→ **WHAT IS EXPECTED**: Return the listing below exactly as it stands. Pictures stay out.

→ **DATASET EXCERPT**:
* * * * *

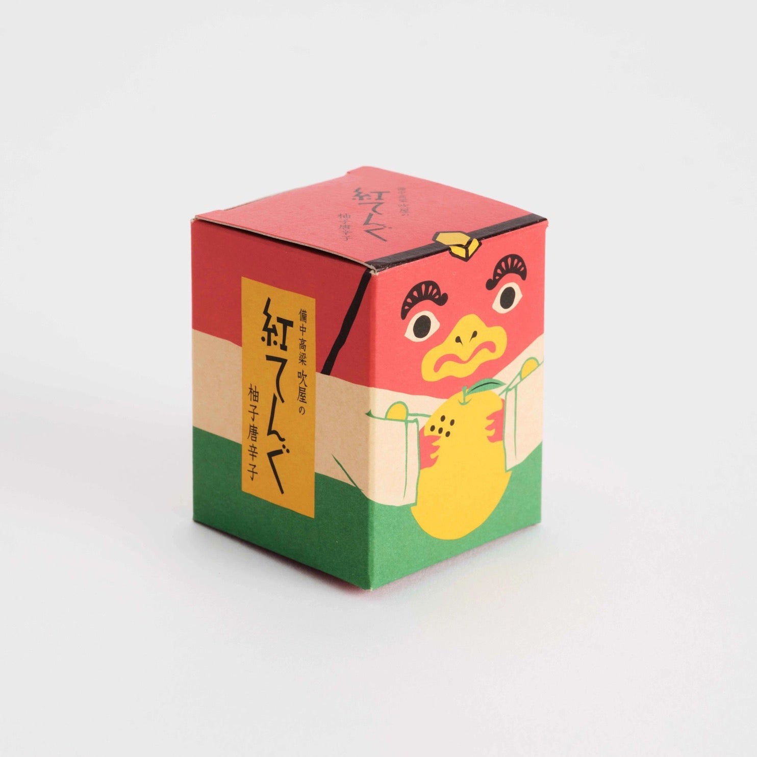 岡山県産柚子の果汁と唐辛子を使ったさっぱり仕立ての洋風柚子胡椒。添加物が使われていないので素材の風味が楽しめます。紅だるまよりも少し辛めですが、柚子の風味が広がるので、辛いのが苦手な方でも抵抗なく食べられるかと思います。油分が強めの洋食などの料理にかけるととてもさっぱりするので、味変用としても持っておくと間違いない一品。和食に合わせても相性抜群なので、よく食べています。パッケージの天狗も愛嬌たっぷりで、紅だるまと紅がわらと一緒に食卓を賑やかに彩ってくれています。
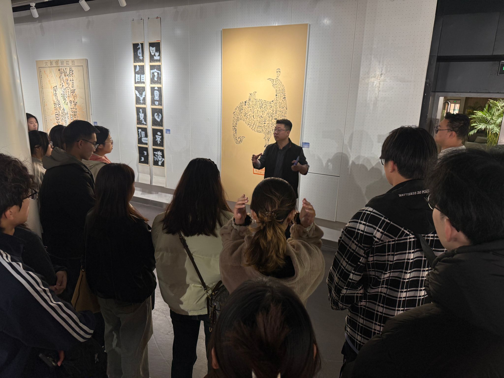 活动开场,曹亚彬老师为师生全面介绍了艺术家鲁大东的从业历程、艺术风格特点,以及本次“解晋”艺术展的策展理念与核心价值。此次展览共展出鲁大东老师120件书法艺术作品,涵盖篆书、隶书、楷书、行书、草书等多种经典书体。创作内容紧密围绕山西地区名胜古迹文化、经典诗词警句展开,深度体现了地域文化与传统书法的有机融合。
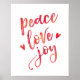 Peace love joy inspirant tirage de Noël caractéristiques typographie manuscrite moderne en rose et rouge aquarelle.
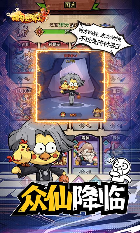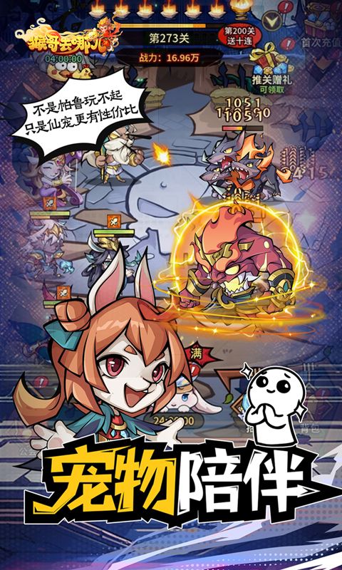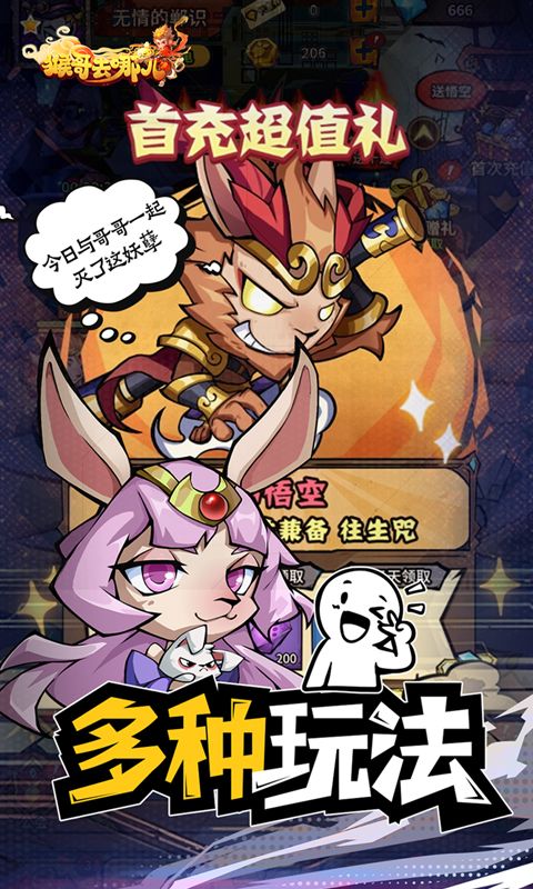 《猴哥去哪儿(0.1折坤坤突鸡)》是一款挂机类休闲游戏,2024年我误入仙界,睁开眼睛便看见猴哥盯着我看,小声的问我没事吧,环顾一周发现了不少熟悉的面孔,不过画风似乎又与我不同,在我差异之际,前方冲过来不少魔物,刹那间只见身边的仙人们整装待发,决定于魔物决一死战!游戏中我们操控着众多熟悉的角色,例如孙悟空,后羿,嫦娥等等神仙,通过对其排兵布阵抵御魔物的入侵,同时我们需要不断的提升自己的等级,才能最大限制的提高角色的战力,我们要做的不单单是点击屏幕,还需要熟知每个角色的技能,将不同角色进行搭配组合,创造出一支战无不胜攻无不克的阵容!

* * * * *

→ **OUTPUT BELOW**:
 岡山県産柚子の果汁と唐辛子を使ったさっぱり仕立ての洋風柚子胡椒。添加物が使われていないので素材の風味が楽しめます。紅だるまよりも少し辛めですが、柚子の風味が広がるので、辛いのが苦手な方でも抵抗なく食べられるかと思います。油分が強めの洋食などの料理にかけるととてもさっぱりするので、味変用としても持っておくと間違いない一品。和食に合わせても相性抜群なので、よく食べています。パッケージの天狗も愛嬌たっぷりで、紅だるまと紅がわらと一緒に食卓を賑やかに彩ってくれています。
 活动开场,曹亚彬老师为师生全面介绍了艺术家鲁大东的从业历程、艺术风格特点,以及本次“解晋”艺术展的策展理念与核心价值。此次展览共展出鲁大东老师120件书法艺术作品,涵盖篆书、隶书、楷书、行书、草书等多种经典书体。创作内容紧密围绕山西地区名胜古迹文化、经典诗词警句展开,深度体现了地域文化与传统书法的有机融合。
 Peace love joy inspirant tirage de Noël caractéristiques typographie manuscrite moderne en rose et rouge aquarelle.
 《猴哥去哪儿(0.1折坤坤突鸡)》是一款挂机类休闲游戏,2024年我误入仙界,睁开眼睛便看见猴哥盯着我看,小声的问我没事吧,环顾一周发现了不少熟悉的面孔,不过画风似乎又与我不同,在我差异之际,前方冲过来不少魔物,刹那间只见身边的仙人们整装待发,决定于魔物决一死战!游戏中我们操控着众多熟悉的角色,例如孙悟空,后羿,嫦娥等等神仙,通过对其排兵布阵抵御魔物的入侵,同时我们需要不断的提升自己的等级,才能最大限制的提高角色的战力,我们要做的不单单是点击屏幕,还需要熟知每个角色的技能,将不同角色进行搭配组合,创造出一支战无不胜攻无不克的阵容!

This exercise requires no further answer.